Making use of the following definitions

$$ \label{eq37} {\rm {\bf j}}=Q_m {\rm {\bf a}}\;\;\mbox{and}\;\;{\rm {\bf j}}=\mu _0 {\rm {\bf m}}, $$

(37)

where j is the magnetic dipolar moment of a magnetized dipole, Eq. 36 can be rewritten as

$$ \label{eq38} {\tilde {\bf {H}}}=\frac{m}{4\pi a}\left( {\frac{r_2^3 -r_1^3 }{r_1^3 r_2^3 }{\rm {\bf r}}-\frac{r_1^3 +r_2^3 }{2r_1^3 r_2^3 }{\rm {\bf a}}} \right) $$

(38)

In free space

$$ \label{eq39} {\tilde {\bf {B}}}=\mu _0 {\tilde {\bf {H}}}=\frac{\mu _0 m}{4\pi a}\left( {\frac{r_2^3 -r_1^3 }{r_1^3 r_2^3 }{\rm {\bf r}}-\frac{r_1^3 +r_2^3 }{2r_1^3 r_2^3 }{\rm {\bf a}}} \right). $$

(39)

It should be noted that, in the existing work, it is usually assumed that || r ₁ || ≫ a and || r ₂ || ≫ a.
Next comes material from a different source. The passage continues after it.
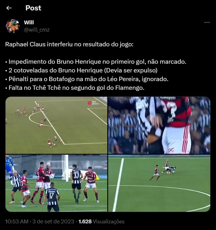 “No outro gol do Flamengo, há falta na roubada de bola que o Raphael Claus deveria marcar, mas o VAR não poderia interferir por não ser mais app”, completou. Apesar do resultado dentro de casa, foi uma boa rodada para o Alvinegro. Já que o segundo colocado empatou, mantendo assim uma ampla vantagem para a equipe no Brasileirão.

Making use the condition \(\frac{a}{\| {{\rm {\bf r}}_1 } \|}\approx 0\) and \(\frac{a}{\| {{\rm {\bf r}}_2} \|}\approx 0\), Eq. 39 are reduced to (Fang and Zhang 2001)

$$ \label{eq40} {\tilde {\bf {B}}}=\frac{\mu _0 }{4\pi r^3}\left[ {3({\rm {\bf m}}\cdot {\hat {\bf {r}}}){\hat {\bf {r}}}-{\rm {\bf m}}} \right]. $$

(40)

Ignoring the additional magnetization of a particle caused by the other magnetized particles, considering a constant applied magnetic field, and making use of the relationship (Fang and Zhang 2001)
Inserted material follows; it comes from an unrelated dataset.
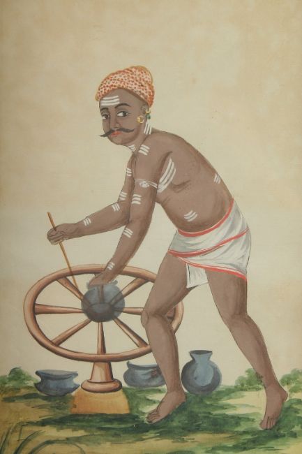 A LARGE EARLY 19TH CENTURY INDIAN WATERCOLOUR PAINTING, depicting a potter, framed and glazed, image 38.5cm x 25cm.

$$ \begin{array}{lll} \label{eq41} {\rm {\bf F}}_i &=&-{\rm {\bf m}}\cdot \nabla \Big( {{\rm {\bf B}}_0 +\mathop {{\tilde {\bf {B}}}}\limits^i } \Big)=-{\rm {\bf m}}\cdot \nabla \bigg( {{\rm {\bf B}}_0 +\sum\limits_{j\ne i} {\mathop {{\tilde {\bf {B}}{\it_j}}}\limits^i } } \bigg)\\ &=&-{\rm {\bf m}}\cdot \nabla \sum\limits_{j\ne i} {\mathop {{\tilde {\bf {B}}{\it _j}}}\limits^i } , \end{array} $$

(41)

the magnetic force on the ith particle, F _i , can be derived as

$$ \begin{array}{lll} \label{eq42} \par {{\rm {\bf F}}_i } &=& \frac{\mu _0 }{4\pi }\sum\limits_{j\ne i} {\frac{m}{2R}{\rm {\bf m}}}\cdot {{\rm {\bf i}}_k \frac{\partial }{\partial x_k }\!\left\{\! {\frac{{\rm {\bf r}}_{ij} -R{\hat {\bf {n}}}}{\big[ {r_{ij}^2 \!+\!R^2\!-\!2Rr_{ij} \cos \theta }\! \big]^{\frac{3}{2}}}}\right.}\\ &&{\left.{-\frac{{\rm {\bf r}}_{ij} +R{\hat {\bf {n}}}}{\big[ {r_{ij}^2 \!+\!R^2\!+\!2Rr_{ij} \cos \theta } \big]^{\frac{3}{2}}}} \right\}} \\ &=& \frac{\mu _0 }{4\pi }\sum\limits_{j\ne i} {\frac{m}{2R}\left\{ {\frac{{\rm {\bf m}}}{r_1^3 }-\frac{m( {3r_{ij} \cos \theta -3R} )( {{\rm {\bf r}}_{ij} -R{\hat {\bf {n}}}} )}{r_1^5 }}\right.}\\&&{\left.{ -\frac{{\rm {\bf m}}}{r_2^3 }\!+\!\frac{m({3r_{ij} \cos \theta \!+\!3R})( {{\rm {\bf r}}_{ij} \!+\!R{\hat {\bf {n}}}} )}{r_2^5 }} \right\}} \\ &=& \frac{3\mu _0 }{8\pi }\!\sum\limits_{j\ne i}\! {\frac{m^2}{Rr_1^5 r_2^5 }\!\left\{ \vphantom{{\left.{\left[ {\frac{1}{3}\left( {r_1^2 r_2^5 -r_1^5 r_2^2 } \right)+Rr_{ij} \cos \theta \big(r_1^5 +r_2^5 \big)+R^2\big(r_1^5 -r_2^5 \big)} \right]{\rm {\bf \hat {n}}}} \right\}}} {\left[ {r_{ij} \cos \theta \left(r_1^5 -r_2^5 \right)+R\left(r_1^5 +r_2^5 \right)} \right]{\rm {\bf r}}_{ij}}\right.}\\ &&{\left.{ +\!\left[ {\frac{1}{3}\!\left( {r_1^2 r_2^5 \!-\!r_1^5 r_2^2 } \right)\!+\!Rr_{ij} \cos \theta \!\left(r_1^5 \!+\!r_2^5 \right)}\right.}\right.}\!\!\!\\&&{\left.{\left.{ +R^2\left(r_1^5 -r_2^5 \right)} \vphantom{{\left.{\left[ {\frac{1}{3}\left( {r_1^2 r_2^5 -r_1^5 r_2^2 } \right)+Rr_{ij} \cos \theta \left(r_1^5 +r_2^5 \right)}\right.}\right.}}\right]{\hat {\bf {n}}}} \right\}} \par \par \end{array} $$

(42)

where a _i  =  a _j  =  2R, \({\rm {\bf m}}_i\, \approx\, {\rm {\bf m}}_j \,\approx\, {\rm {\bf m}}\,=\,\frac{4}{3}\pi R^3\chi {\rm {\bf H}}\,\approx\) \(\frac{4}{3}\pi R^3\chi {\rm {\bf H}}_0 \) and m _i  ≈ m _j  ≈ m have been employed, ignoring the disturbance of magnetic dipoles \({\tilde {\bf {H}}}\) to the magnetic field since \({\tilde {\bf {H}}}\) ≪ H ₀ , and \(r_1 =\sqrt {r_{ij}^2 + R^2 - 2Rr_{ij} \cos \theta}\) and \(r_2 =\sqrt {r_{ij}^2 +R^2+2Rr_{ij} \cos \theta}\).